#### [DIRECTIONS FOR THIS TASK]
A verbatim repeat of the lines below is required, with the pictures removed.

---

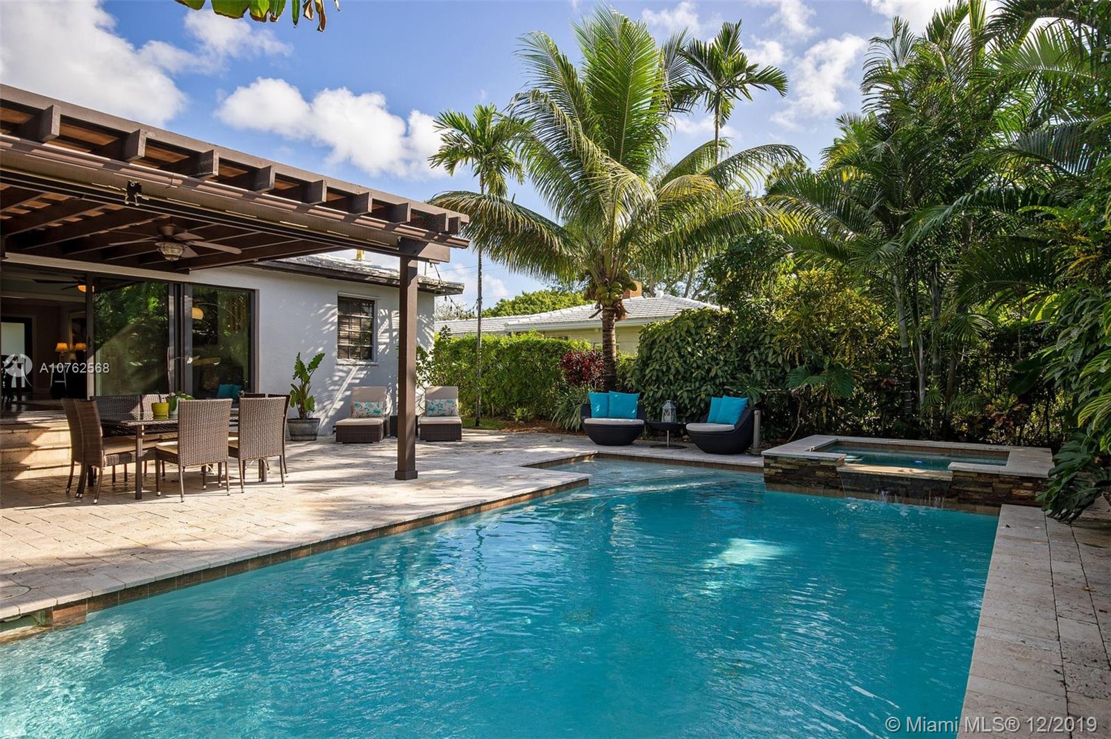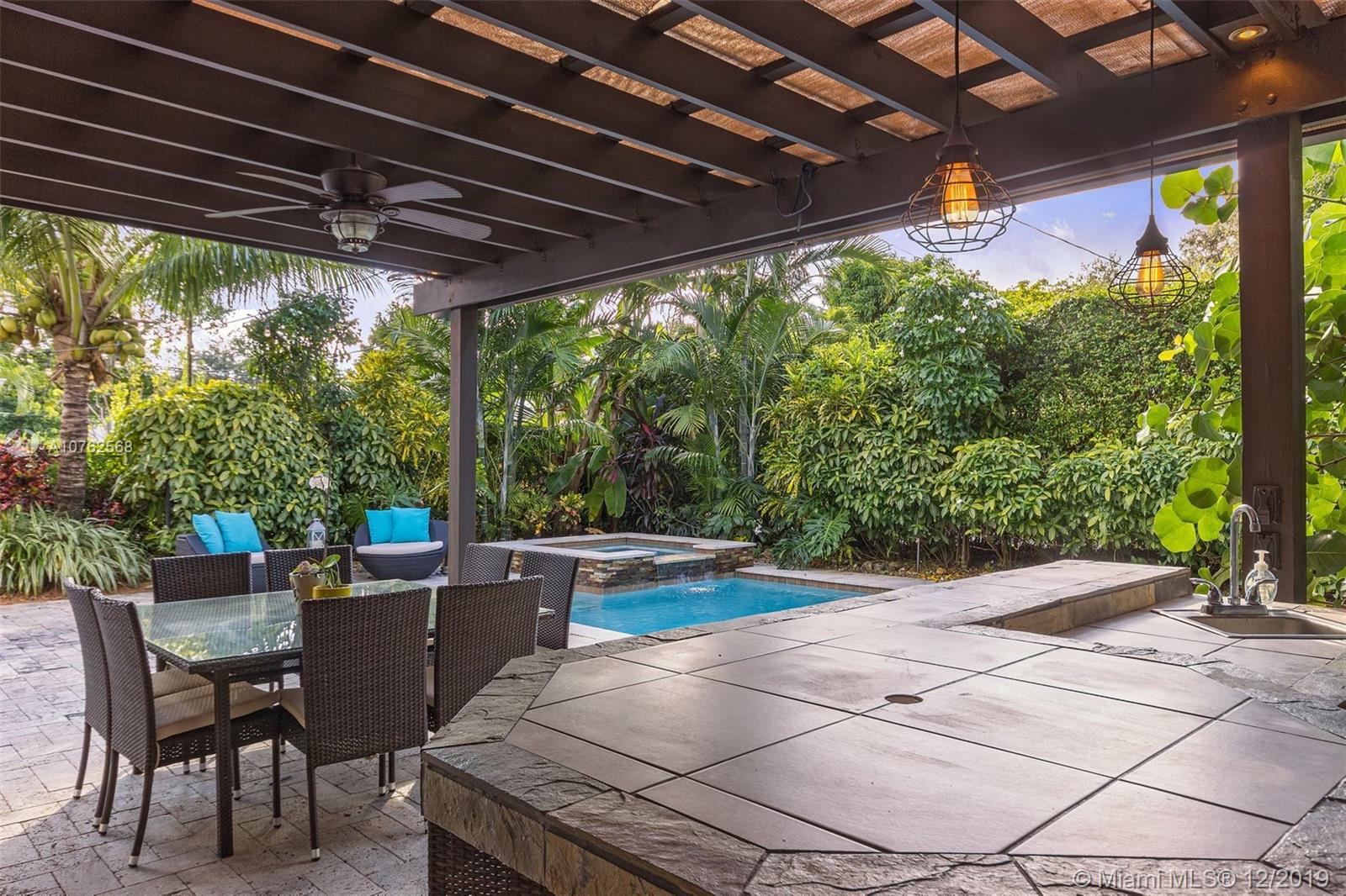BEAUTIFUL 4 BEDROOM + DEN WITH 3 FULL BATHS IN THE HEART OF MIAMI SHORES. SPACIOUS DINING AND LIVING AREAS OPEN TO PRIVATE FENCED YARD WITH RESORT STYLE POOL, JACUZZI, OUTDOOR KITCHEN AND PERGOLA - PERFECT FOR YEAR ROUND ENTERTAINING. LARGE KITCHEN WITH EATING BAR, MARBLE COUNTERTOPS AND GOURMET APPLIANCES. SPLIT BEDROOM LAYOUT WITH ORIGINAL MASTER-ENSUITE BATH AS WELL AS GARAGE CONVERSION THAT INCLUDES NEW MASTER BEDROOM, BATH AND DEN/OFFICE. UPDATED ELECTRICAL, PLUMBING, A/C, SEPTIC, ALARM AND BUILT IN AUDIO SYSTEM. TREE-LINED STREET, WALKING DISTANCE TO SHOPS, PARK AND MORE.
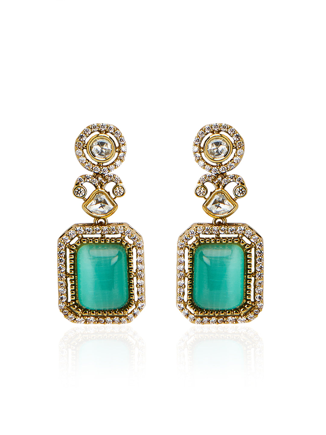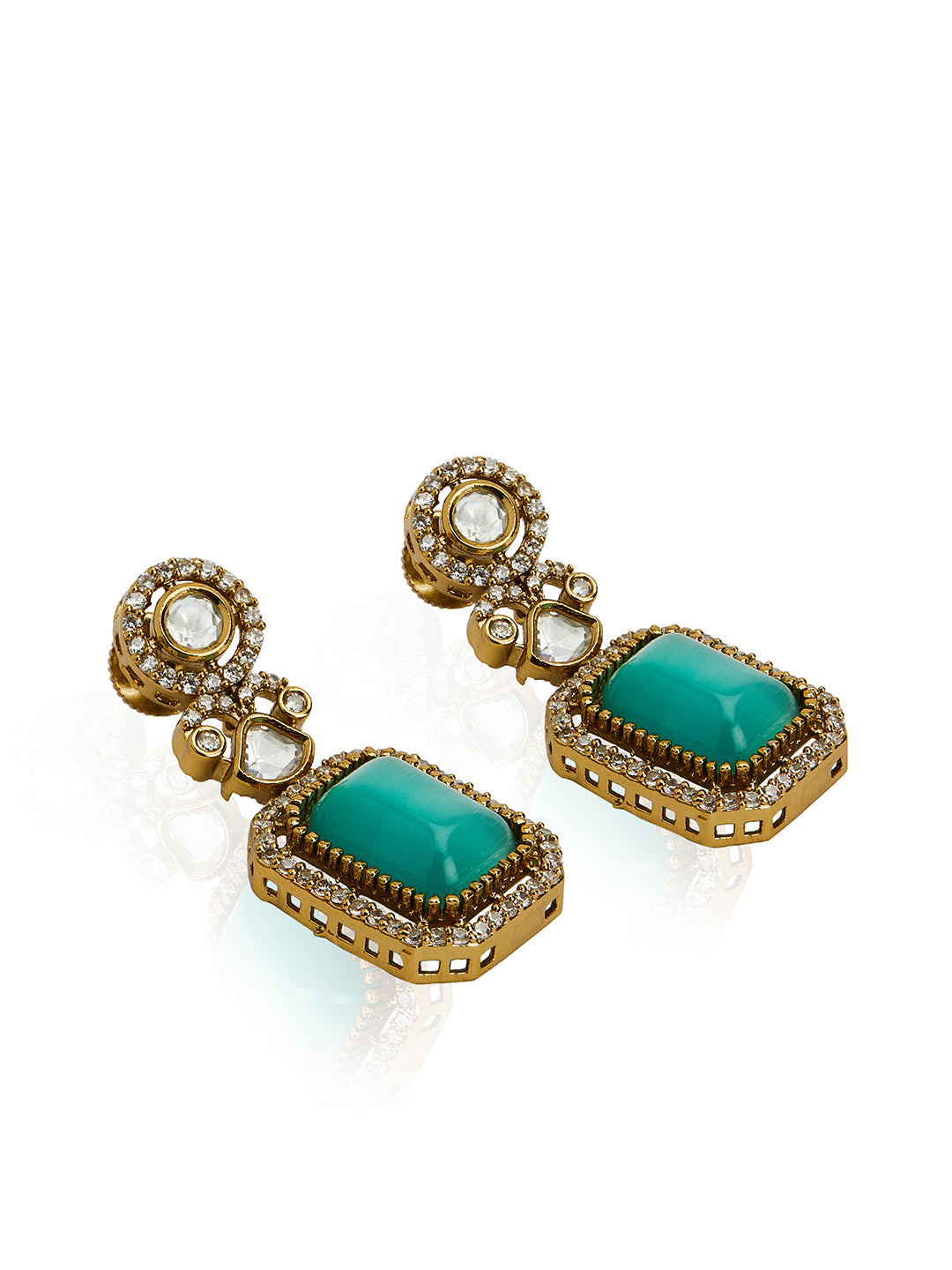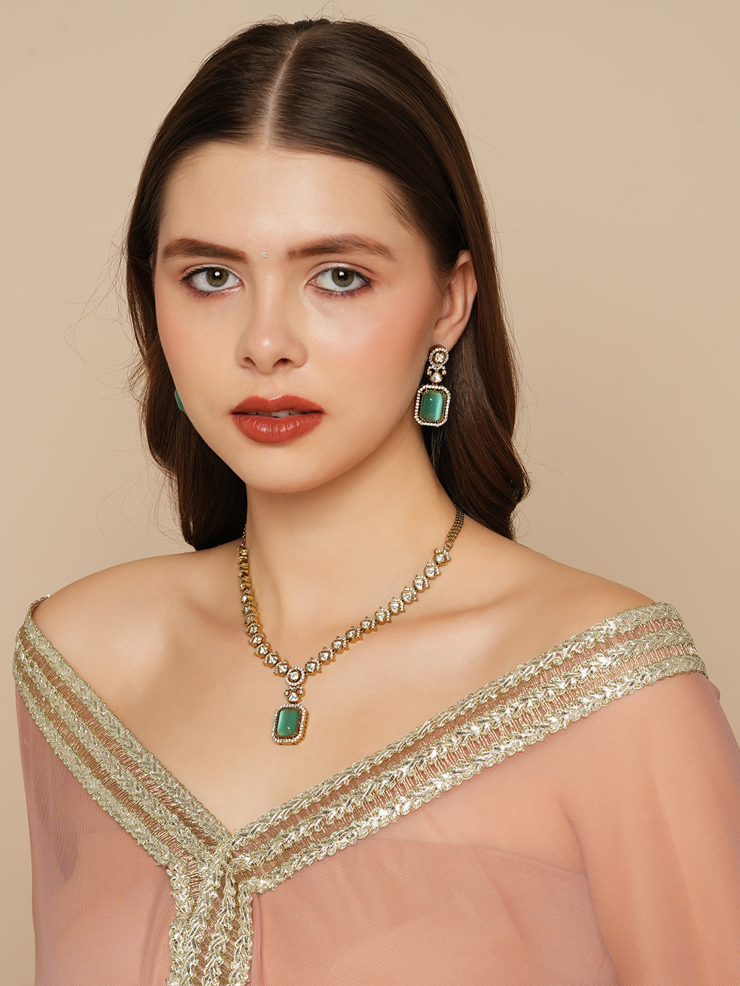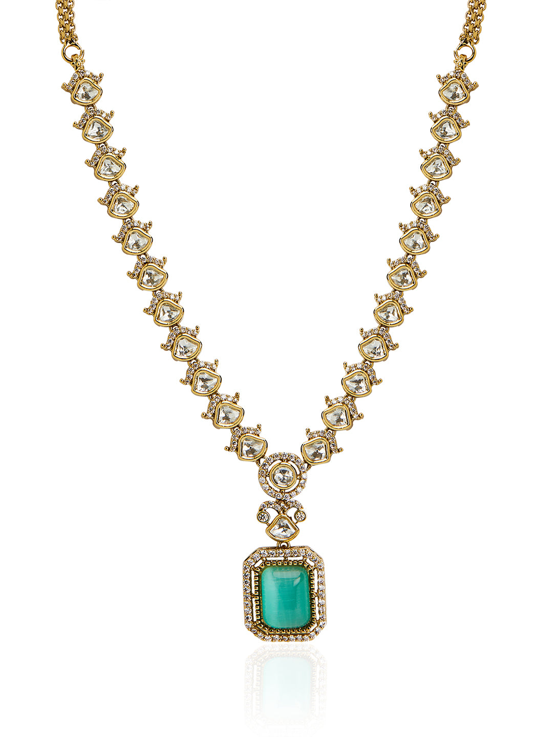 Indulge in elegance with the Mint Monalisa Polki Pendant Necklace, crafted from premium brass with a mehndi antique finish. Featuring a mint stone pendant, Polki, and American diamonds, it blends traditional artistry with modern sophistication.
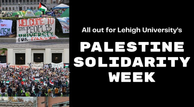 Bethlehem, PA – In solidarity with student protests around the country, Lehigh University students host a “Solidarity Week for Palestine.” The week of peaceful activities include
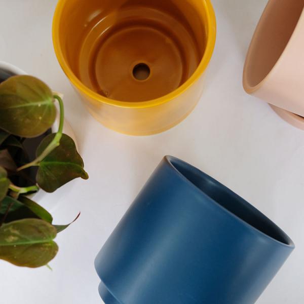 陶器鉢 オーセ11受皿付 おしゃれ シリンダー ミニ鉢 径11.5cm 高11cm 底穴あり
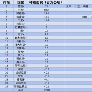 这24个国家中有19个为发展中国家,5个为发达国家。发展中国家的种植面积为1.006亿公顷(占53%),发达国家的种植面积占47%。
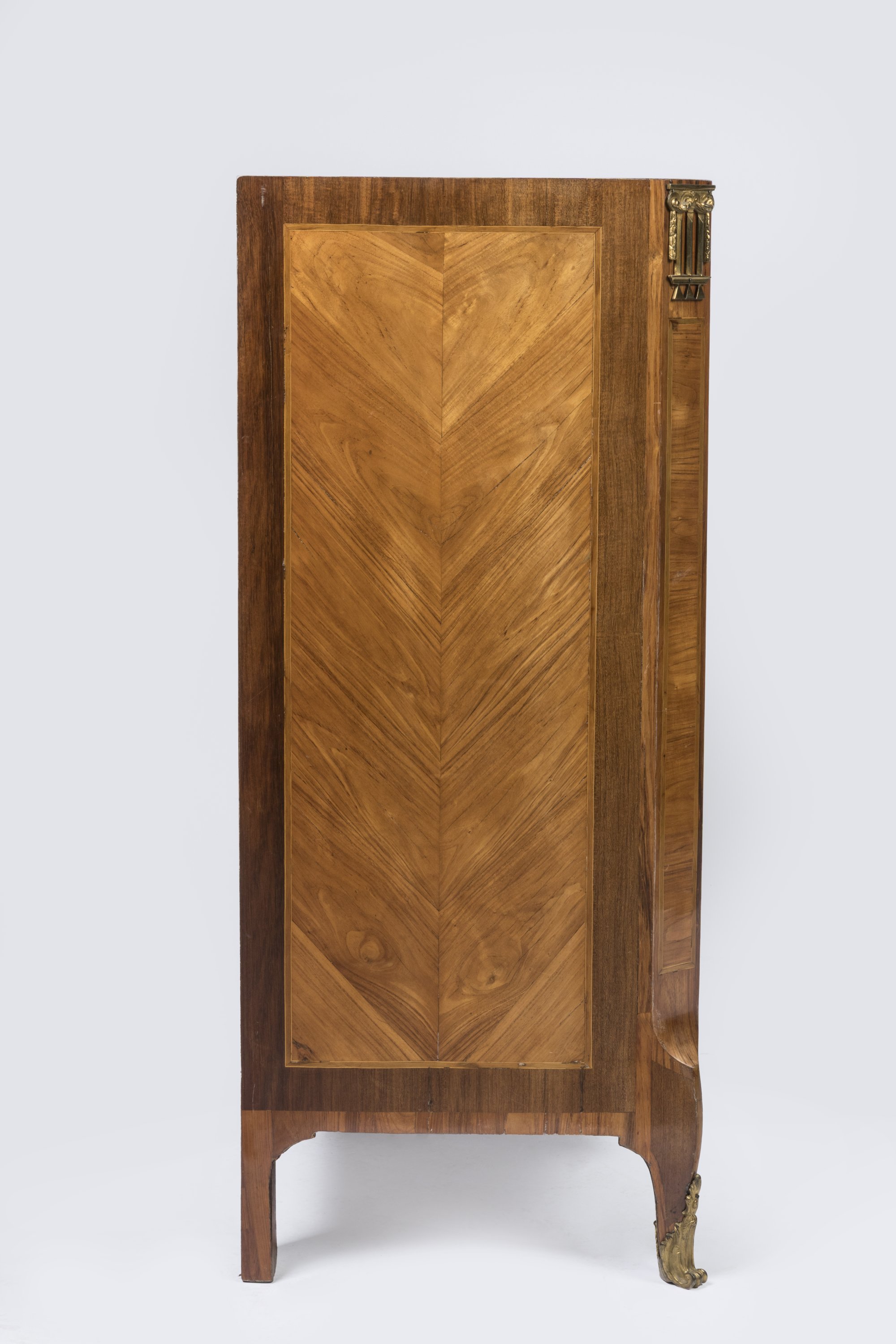 Il ouvre par deux tiroirs en ceinture et trois tiroirs sans traverse. Les montants à pan coupé, les côtés à décor de frisage. Il repose sur des pieds antérieurs cambrés et postérieurs droits. Ornementation en bronze doré comme entrées de serrure, chutes, sabots et cul de lampe.

---

#### [SOLVED EXERCISE]
BEAUTIFUL 4 BEDROOM + DEN WITH 3 FULL BATHS IN THE HEART OF MIAMI SHORES. SPACIOUS DINING AND LIVING AREAS OPEN TO PRIVATE FENCED YARD WITH RESORT STYLE POOL, JACUZZI, OUTDOOR KITCHEN AND PERGOLA - PERFECT FOR YEAR ROUND ENTERTAINING. LARGE KITCHEN WITH EATING BAR, MARBLE COUNTERTOPS AND GOURMET APPLIANCES. SPLIT BEDROOM LAYOUT WITH ORIGINAL MASTER-ENSUITE BATH AS WELL AS GARAGE CONVERSION THAT INCLUDES NEW MASTER BEDROOM, BATH AND DEN/OFFICE. UPDATED ELECTRICAL, PLUMBING, A/C, SEPTIC, ALARM AND BUILT IN AUDIO SYSTEM. TREE-LINED STREET, WALKING DISTANCE TO SHOPS, PARK AND MORE.
 Indulge in elegance with the Mint Monalisa Polki Pendant Necklace, crafted from premium brass with a mehndi antique finish. Featuring a mint stone pendant, Polki, and American diamonds, it blends traditional artistry with modern sophistication.
 Bethlehem, PA – In solidarity with student protests around the country, Lehigh University students host a “Solidarity Week for Palestine.” The week of peaceful activities include
 陶器鉢 オーセ11受皿付 おしゃれ シリンダー ミニ鉢 径11.5cm 高11cm 底穴あり
 这24个国家中有19个为发展中国家,5个为发达国家。发展中国家的种植面积为1.006亿公顷(占53%),发达国家的种植面积占47%。
 Il ouvre par deux tiroirs en ceinture et trois tiroirs sans traverse. Les montants à pan coupé, les côtés à décor de frisage. Il repose sur des pieds antérieurs cambrés et postérieurs droits. Ornementation en bronze doré comme entrées de serrure, chutes, sabots et cul de lampe.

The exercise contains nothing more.